Fallbericht: Kurzzeitiger Gedächtnisverlust durch Ibuprofen
Wie die AkdÄ anhand eines älteren Fallberichtes informiert, kam es unter der Behandlung mit Ibuprofen zu einem kurzfristigen Gedächtnisverlust, genau zu Anzeichen von Pseudodemenz und Delir. So nahm ein 76 Jahre alter Patient, der als Dauermedikation mit Antihypertensiva, ASS und Vitaminen behandelt wurde, aufgrund einer Gonarthrose vor einer anstehenden Reise zur Linderung der Kniebeschwerden dreimal täglich 600 mg Ibuprofen ein. Dabei wurde die vom jeweiligen Hersteller angegebene Tageshöchstdosis von 2.400 mg nicht überschritten.
Nach drei Wochen zeigte der Mann laut Angehörigen Anzeichen von Verwirrung und erheblichen Störungen des Kurzzeitgedächtnisses, die für rund zwei Wochen anhielten. Nach dem Absetzen des Wirkstoffes besserten sich die Symptome wieder und der Bewusstseinszustand normalisierte sich innerhalb von einer Woche. Allerdings ließ sich einige Monate später bei einer erneuten Einnahme von 800 bis 1.200 mg/Tag Ibuprofen nahezu dieselbe Entwicklung beobachten, sodass laut den Expert:innen bei dem beobachteten Gedächtnisverlust und Co. von einer medikamenteninduzierten Wirkung ausgegangen werden kann.
Patient:innen auf Nebenwirkungen hinweisen
Hierzulande werden in den Fachinformationen verschiedener Ibuprofen-haltiger Arzneimittel sowohl psychiatrische Erkrankungen als auch Erkrankungen des Nervensystems als mögliche Nebenwirkungen aufgeführt. Während erstere, beispielsweise in Form von psychotischen Reaktionen oder Depression, als sehr selten eingestuft werden, können letztere häufig auftreten und sich unter anderem in Reizbarkeit, Müdigkeit, Erregung, Schlaflosigkeit und Schwindel zeigen.
Hinzukommen laut der AkdÄ weitere psychiatrische unerwünschte Arzneimittelwirkungen unter Ibuprofen wie Verwirrtheits- und Angstzustände, Unruhe, psychotische Reaktionen, Halluzinationen, Konzentrationsstörungen und kurzzeitiger Gedächtnisverlust, die in Spontanerfassungssystemen registriert wurden. Und auch in der Literatur werde häufig über kognitive Störungen unter NSAR, insbesondere bei älteren Patient:innen berichtet.

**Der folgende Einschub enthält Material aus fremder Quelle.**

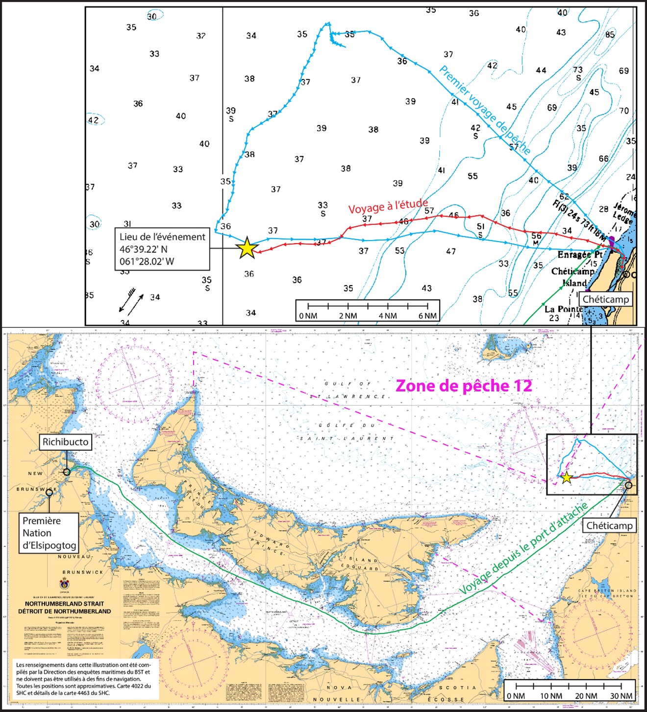Le 2 avril à 4 h 35, le capitaine et 4 membres d’équipage ont quitté Richibucto (Nouveau-Brunswick) pour se rendre à Chéticamp (Nouvelle-Écosse) à bord du Tyhawk pour la saison (figure 4), ce qui représentait un voyage d’environ 16 heures. Ils ont été rejoints à Chéticamp par 4 autres membres d’équipage, venus de Richibucto en voiture, soit un trajet d’environ 6 heures. Vers 20 h 30, le Tyhawk est arrivé à Chéticamp et tous les membres d’équipage ont commencé à charger le bateau.

Daher gelte es, Patient:inenn entsprechend zu informieren und das Fachpersonal zu sensibilisieren. „Im Hinblick auf die sehr häufige Verwendung von Ibuprofen erscheint es geboten, auf diese möglichen Reaktionen hinzuweisen. Bei einer plötzlich auftretenden psychischen Veränderung eines Patienten, insbesondere auch bei Störungen des Kurzzeitgedächtnisses, sollte nach der Einnahme von Ibuprofen bzw. anderen NSAR gefragt werden“, heißt es.